The reasons for modifying mortgages are obvious. If you can keep the owner in the house you can help him, and at the same time bolster real estate prices which have been hammered by foreclosures. A report Monday from the Office of the Comptroller of the Currency and the Office of Thrift Supervision shows that a surprising number fall behind again.

The report showed that nearly 40 percent of homeowners who had their monthly payments cut by 20 percent or more last year were delinquent again within a year. The reason is simple. A loan modification may help in the short term, but your financial status may continue to degrade.

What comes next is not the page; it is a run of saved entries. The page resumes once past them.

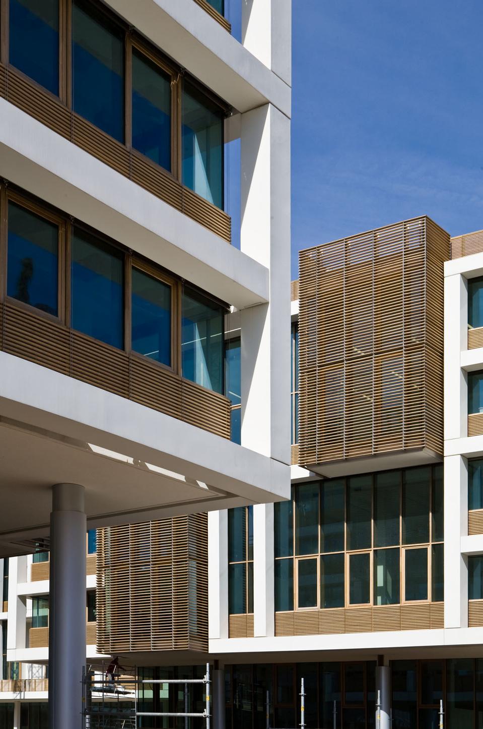 Iconicità: una facciata continua all'esterno, come a dare protezione dalla "ruvidezza" dell'ambiente urbano circostante, collega gli edifici in una striscia piana di solidi e di spazi, Ciò dà luogo a una rete bianca a maglie ortogonali, fuori scala rispetto alle altezze tra i vari livelli, che avvolge e inghiotte la trasparenza del vetro e il legno delle strutture: un oggetto indipendente che dà vita alla nuova dimensione urbana alla quale l'edificio viene percepito.
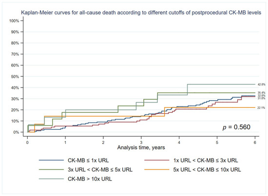 Forty-eight percent (323 patients) of patients from our group had CK-MB mass levels measured before and after the LM PCI procedure. Additionally, we decided to investigate the association of CK-MB mass with long-term all-cause mortality in a subanalysis. The Kaplan-Meier curves for all-cause mortality according to different cutoffs of postprocedural CK-MB levels are provided. There is no significant difference in long-term mortality (p = 0.560) (Figure 5).
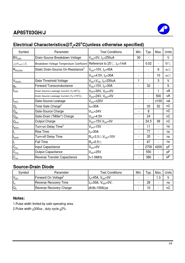 The TO-252 package is universally preferred for all mercialindustrial surface mount applications and suited for low voltage applications such as DC/DC converters. The through-hole version (AP85T03GJ) is available for low-profile applications. Value 1.4 110 Units ℃/W ℃/W Data & specifications subject to change without notice 200823053-1/4 AP85T03GH/J @Tj=25oC(unless otherwise specified) Symbol Parameter Test...
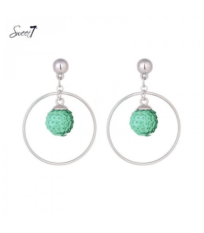 Ontdek de ultieme fashion statement: onze zilverkleurige oorbellen met ronde hanger en bolletje met sprankelende groene pailletten! Deze opvallende accessoires zijn perfect voor de moderne vrouw die haar stijl wil laten schitteren.
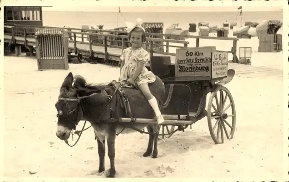 Ak Moritzdorf Sellin auf Rügen, Moritzburg, Strand, Eselkarre

Mortgage holders participating in the White House's loan modification program have offered trial loan modifications to 760,000 eligible borrowers since it was launched in March. As of November, however, only 31,000 of them had been made permanent. A permanent modification requires the borrower to make at least three on-time payments as well as prove income. Meanwhile, nearly the same amount of homeowners had dropped out of the program or had been found to be ineligible.

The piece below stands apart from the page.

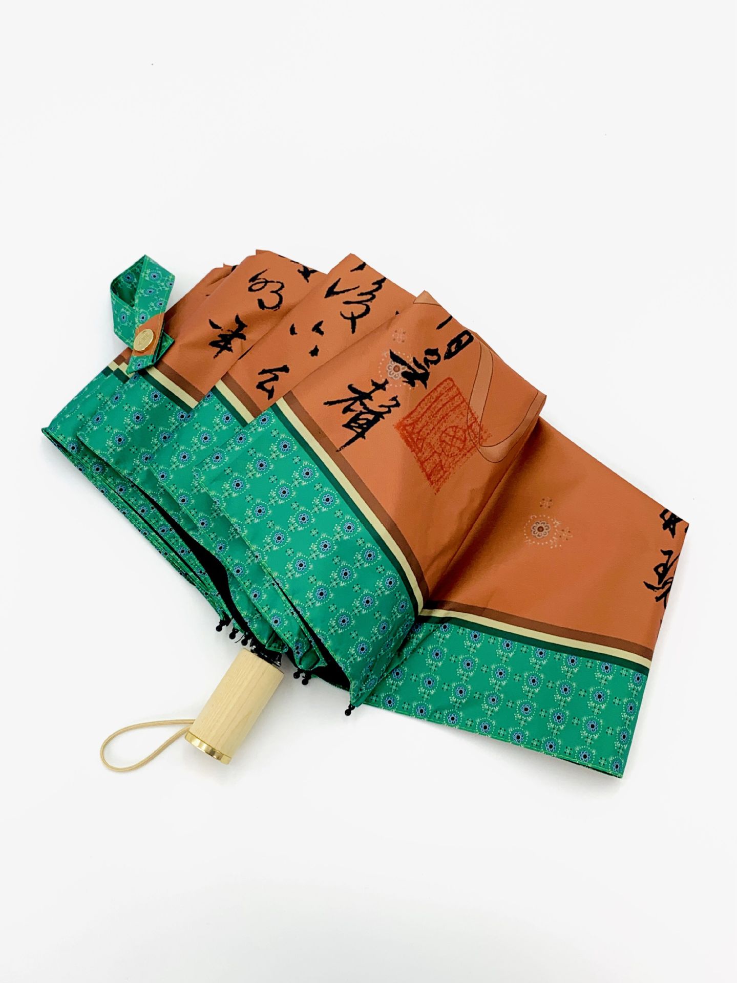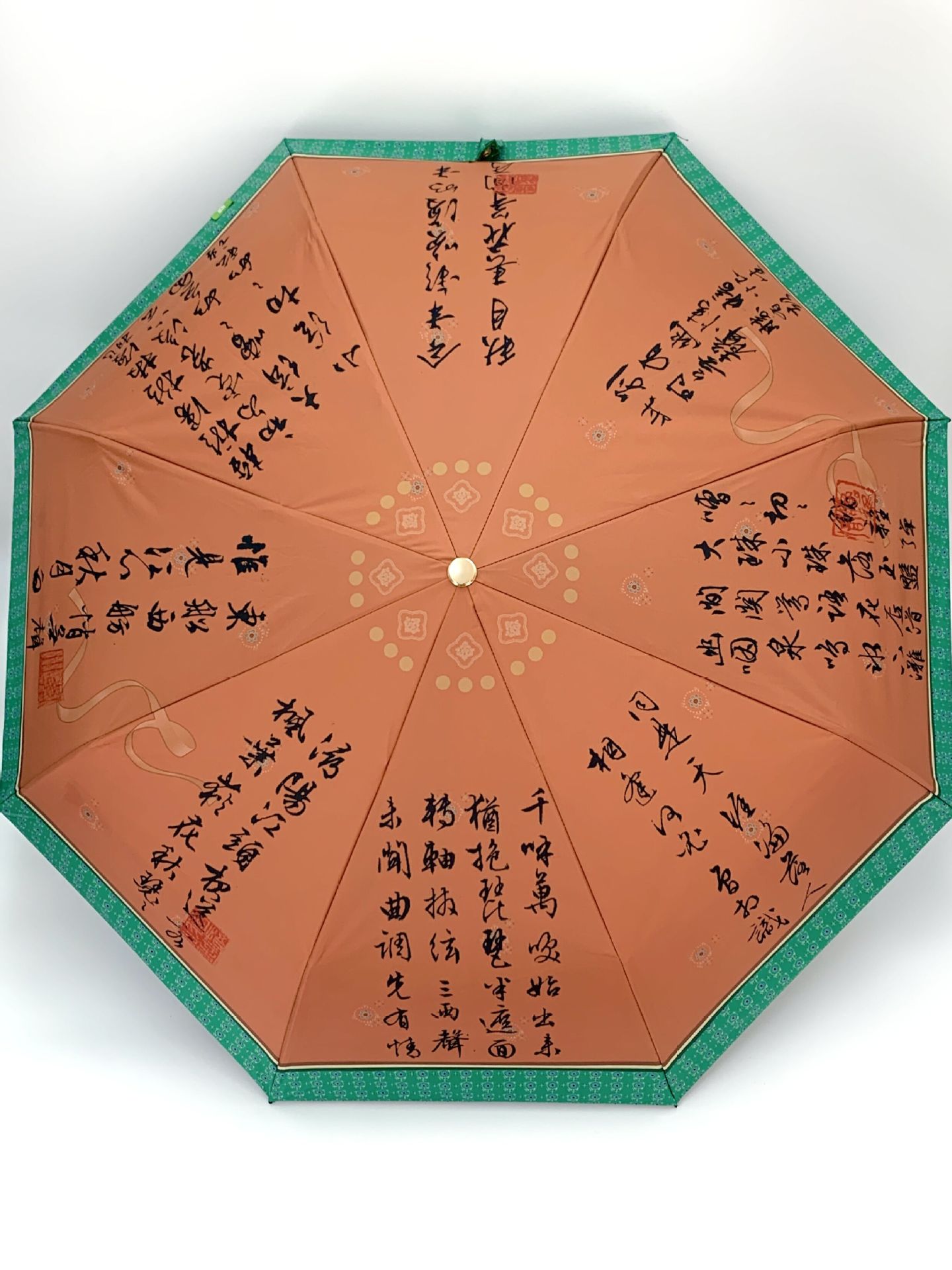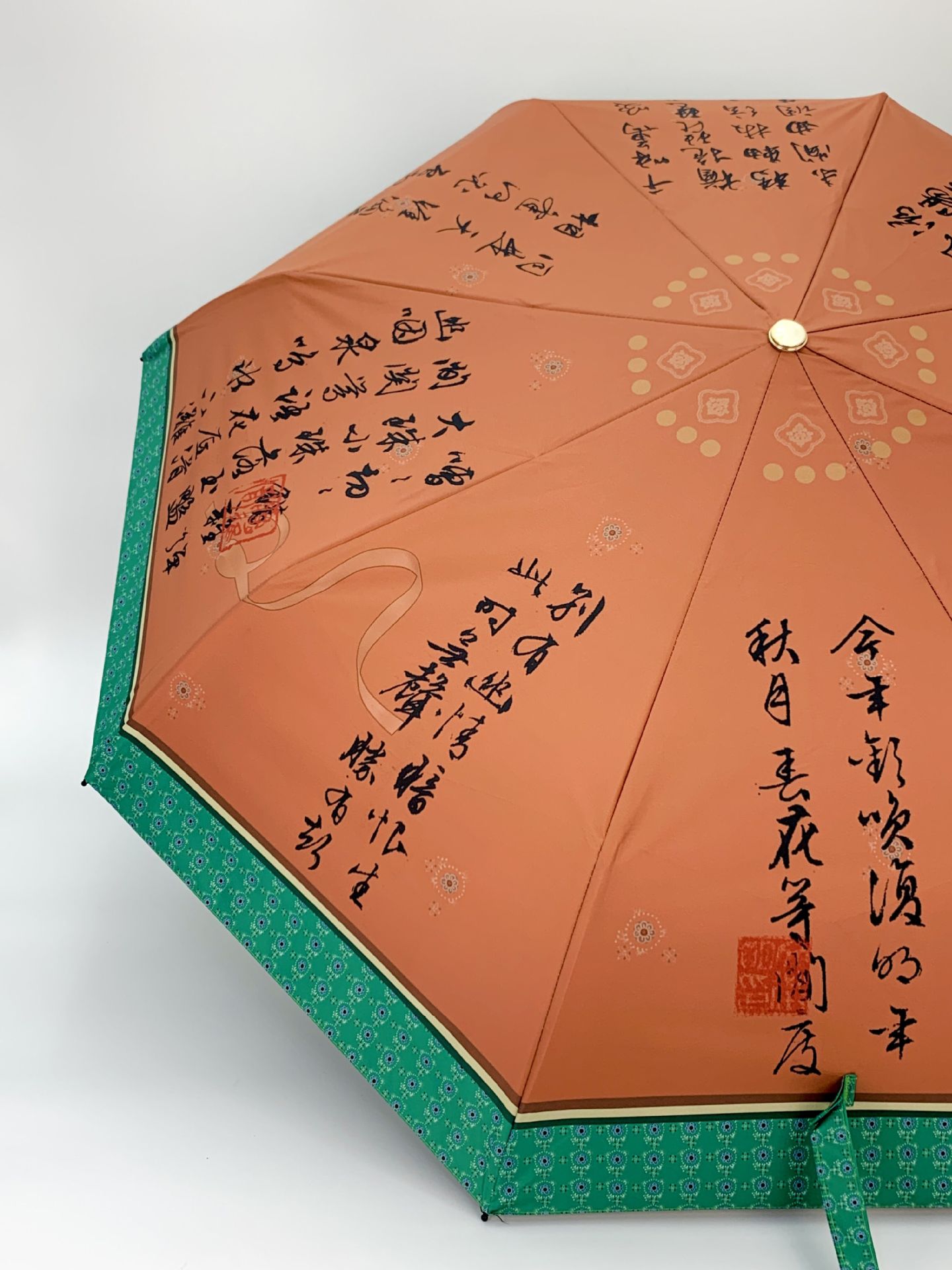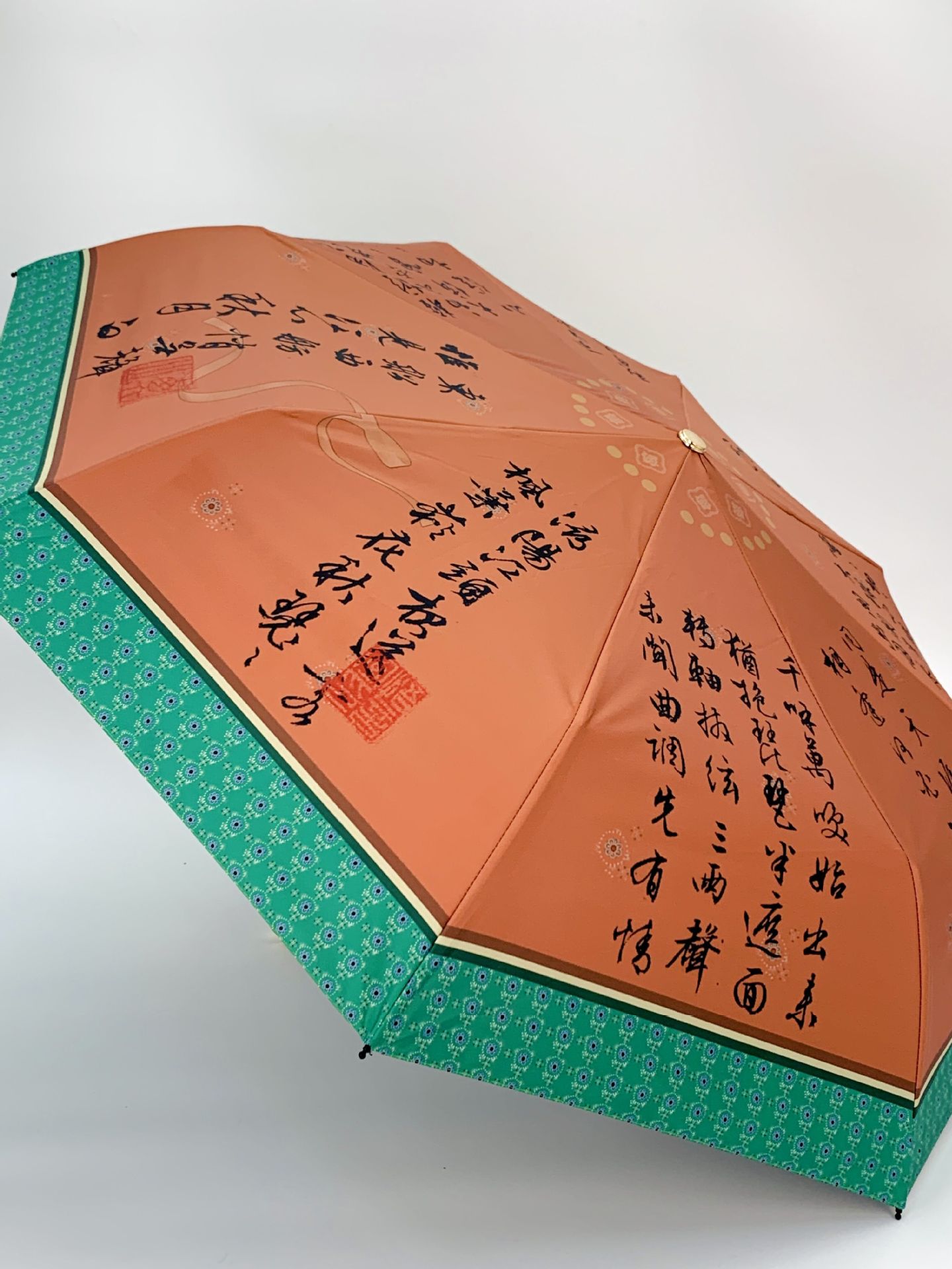 [피파 라인] 레트로 스타일 우산 자동 접는 서예 화창한 우산 검은 접착제 선 스크린 선물 우산

The mortgage modification program was designed to help bottom out housing prices by lessening the effect of further foreclosures. Recent statistics show that a record 14 percent of homeowners are either behind on their mortgage payments or in foreclosure.

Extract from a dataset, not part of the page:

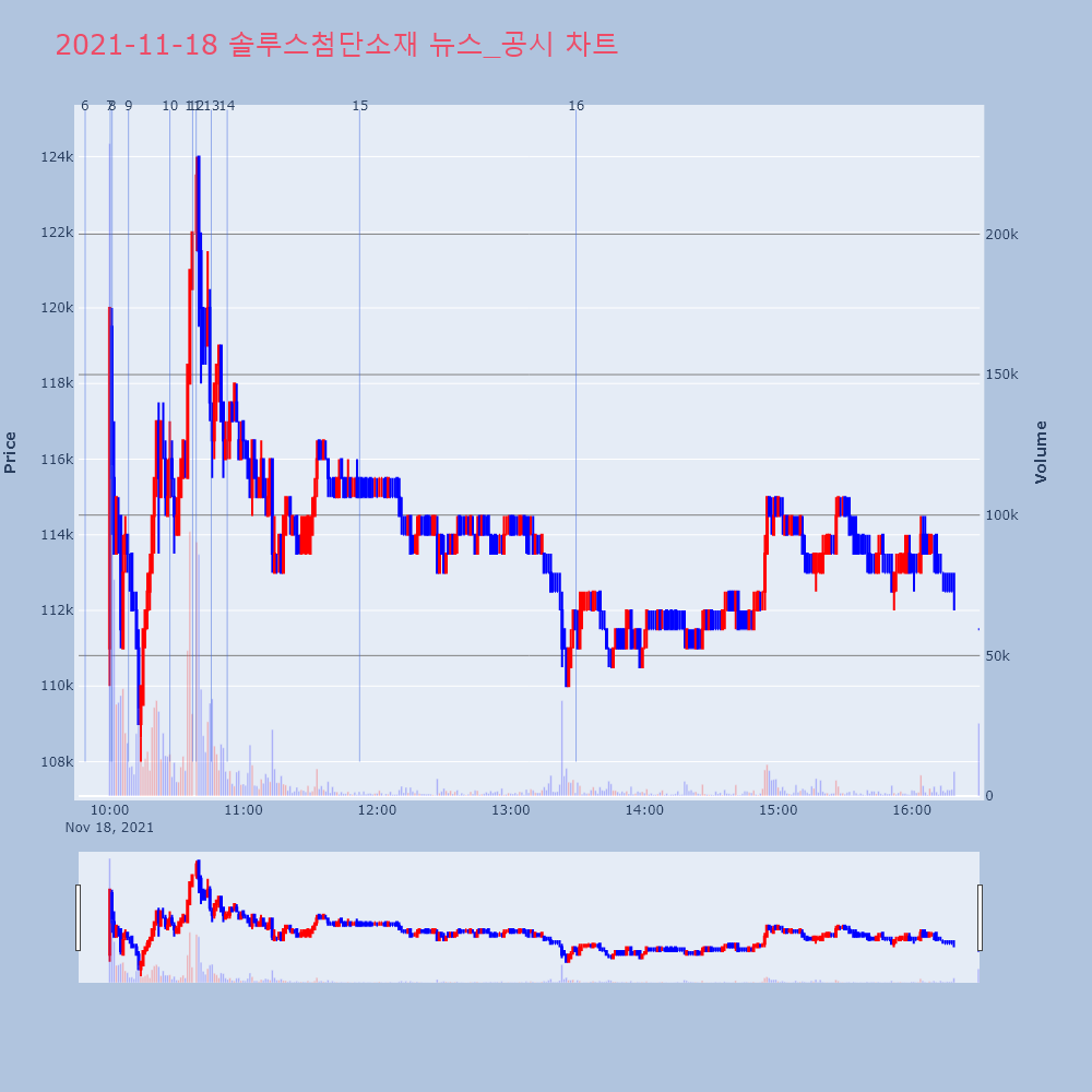 | 16 | [특징주] 솔루스첨단소재, 글로벌 전기차 업체와 계약설에 급등 제목 : [특징주] 솔루스첨단소재, 글로벌 전기차 업체 | 인포스탁 | 솔루스첨단소재 | 2021-11-18 13:29:18 |

The report had some other information, some good and some bad. For one, mortgage issues rose during the third quarter. 6.2 percent of all loans were seriously delinquent (which is 60 days or more past due) and an additional 3.2 percent of all loans in the process of foreclosure. Additionally, delinquency among prime mortgages, which is the largest and highest-quality mortgage category, rose sharply.

The most recent loan modifications, those made during the second quarter, show a lower initial rate of re-default than prior modifications. That could mean either that lenders are making bigger adjustments in the loans, to make payment more likely, or that the economy is picking up and those who were jobless are picking up work.

92 percent of loans owned or insured by Fannie Mae or Freddie Mac are performing. This is down from 93 percent in the second quarter.

Only 83 percent of loans guaranteed by the FHA or Veterans Benefits Administration are now listed as "performing." This is down from 85 percent in the second quarter. Overall, the report stated that 87 percent of all US home loans are performing.